- T.C
HOZAT KAYMAKAMLIĞI
İlçe Halk Kütüphanesi Müdürlüğü
VOLTAIRE
HOZAT HALK KÜTÜPHANESİ
Demirbaş No:5011
Tasnif No:843.5 VOL
KANDİD
YA DA İYİMSERLİK ÜSTÜNE
Göç etmişti
besbelli. Hem de apar topar.
***
Göğsünün üstüne
oturanı kaldırmaya çalışıyordu uyandığında. Kimse yoktu. Rüya
mıydı, karabasan mıydı? Hâlâ zor nefes alıyordu.Öksürük tuttu;
boğulurcasına. Perdenin örtemediği yerde bir aydınlık dalgalanıyordu.
Bulanık bir aydınlık. Kalktı yer döşeğinden, bildik adımlarla
duvarı, el yordamıyla da elektriğin düğmesini buldu, dokundu;
ışık yandı ama oda aydınlanmadı. Bulanık aydınlığa doğru yürüdü,
pencereyi buldu ve açtı; tüm köy alevler içindeydi..
***
Evdekileri uyandırdı
önce. Anası babası yoktu evde, Hozat’ a gelin ettikleri kızlarındaydılar.
Abisi, iki karısıyla çocukların derdindeydi. Çocukların yedisi de
bulunup kapı önüne çıkarıldıktan sonra, ‘canın yongası’ nın
derdine düşüldü. Abisi, eline ne geçerse camdan dışarı sıpıtıp
atıyordu. O da attı; yatağının yanıbaşındaki Kandid’i, bir de
sazını…
***
Büyük yengesi, ağzındaki
sakızı çıkartıp, başındaki boncuk oyalı tülbentin üstüne yapıştırdı.

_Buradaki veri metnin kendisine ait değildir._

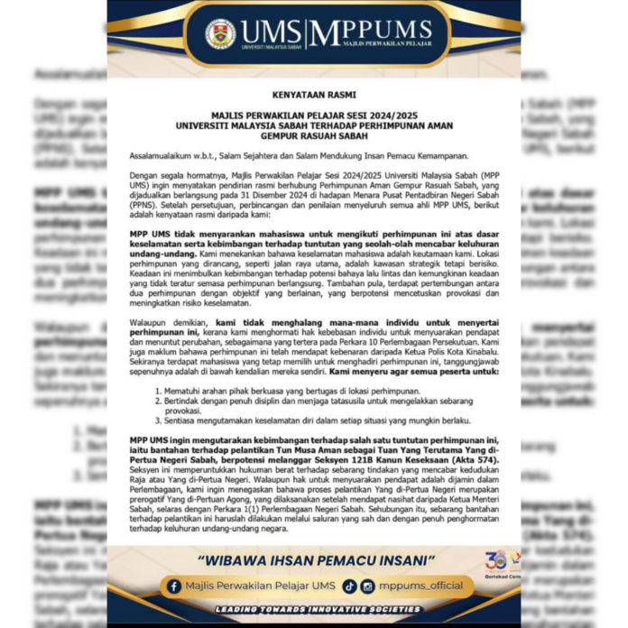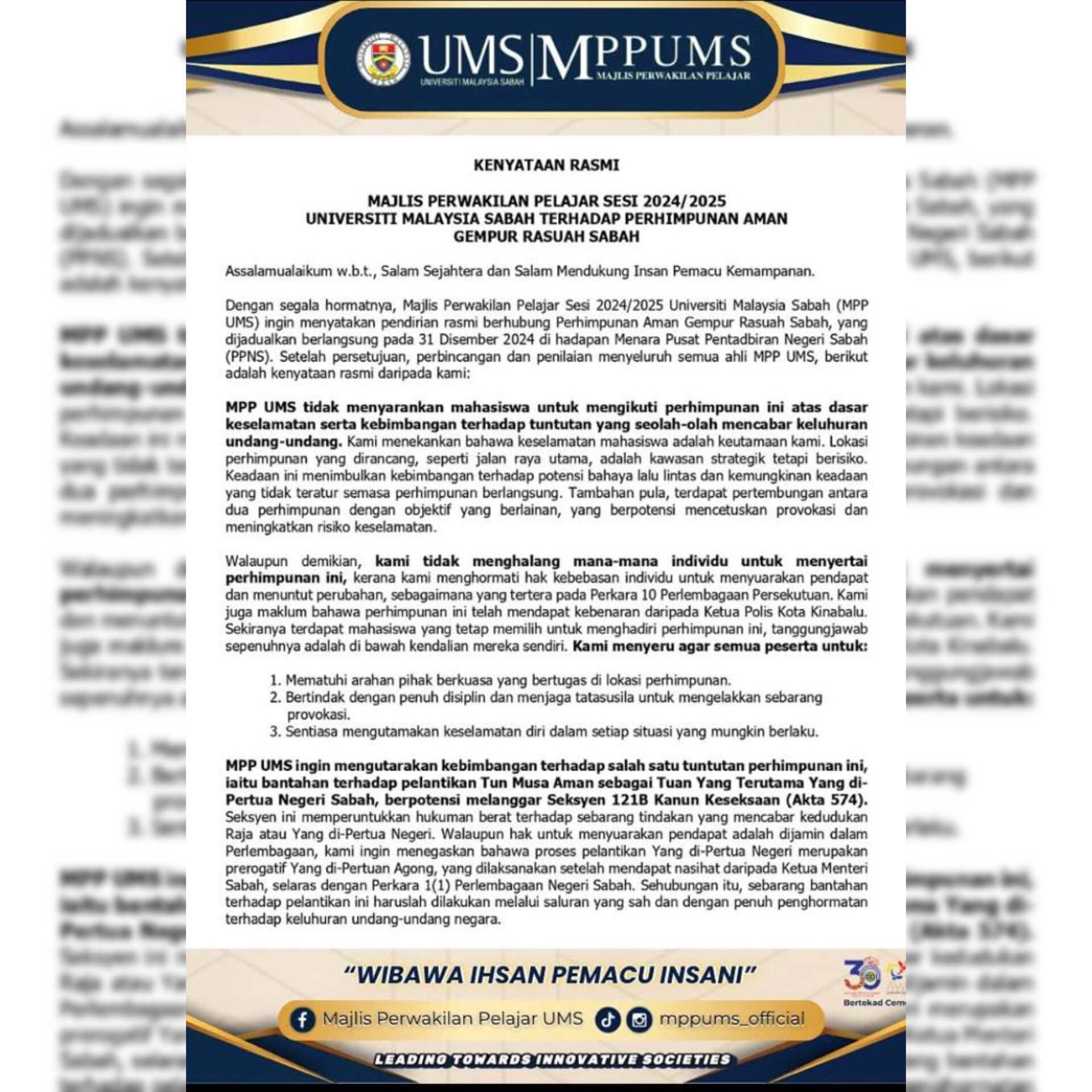 KOTA KINABALU: Majlis Perwakilan Pelajar (MPP) Universiti Malaysia Sabah (UMS) Sesi 2024/2025 telah mengeluarkan kenyataan rasmi hari in berhubung pendirian mereka terhadap Perhimpunan Aman Gempur Rasuah Sabah yang dijadualkan berlangsung pada 31 Disember 2024 di hadapan Menara Pusat Pentadbiran Negeri Sabah (PPNS).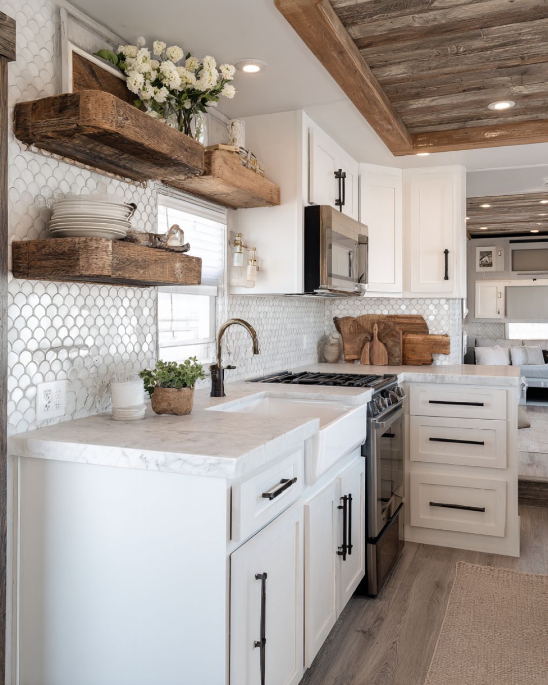 The kitchen offers a perfect balance of rustic and contemporary elements, featuring white cabinetry that provides a clean and crisp look. Reclaimed wood shelving adds a touch of rustic charm, while white quartz countertops offer a durable and elegant surface for cooking. A wave-patterned subway tile backsplash brings a subtle coastal element, tying in with the overall theme of the home. The kitchen is both stylish and practical, designed for efficiency and comfort.

Tülbentin sarkan ucuyla da, bebesinin emdiği göğsünü örttü. Elazığ’a
indiklerinde, kardeşlerinin evine misafir olduklarında, neler olacağını
düşünüyordu kara kara. Kolundaki iki tane Adana burmasını çıkardı
alelacele ve bebenin emmediği göğsüne soktu.
***
Anne, baba ve büyük
gelin Elazığ’ da kalmaya karar verdi. Anne koynunda gizlediği çıkını
kocasına verdi, bir ev alsın diye. Büyük gelin de, koynunda sakladığı
iki Adana burmasını kocasına verdi, Antalya’ da bir çay ocağı açsın
diye. Küçük oğul’a kimse bir şey vermedi. Onun Kandid’ i ve sazı
vardı zaten….
***
Sahafa sattığında
ise, ‘bahçesini yetiştirmişti’ çoktan.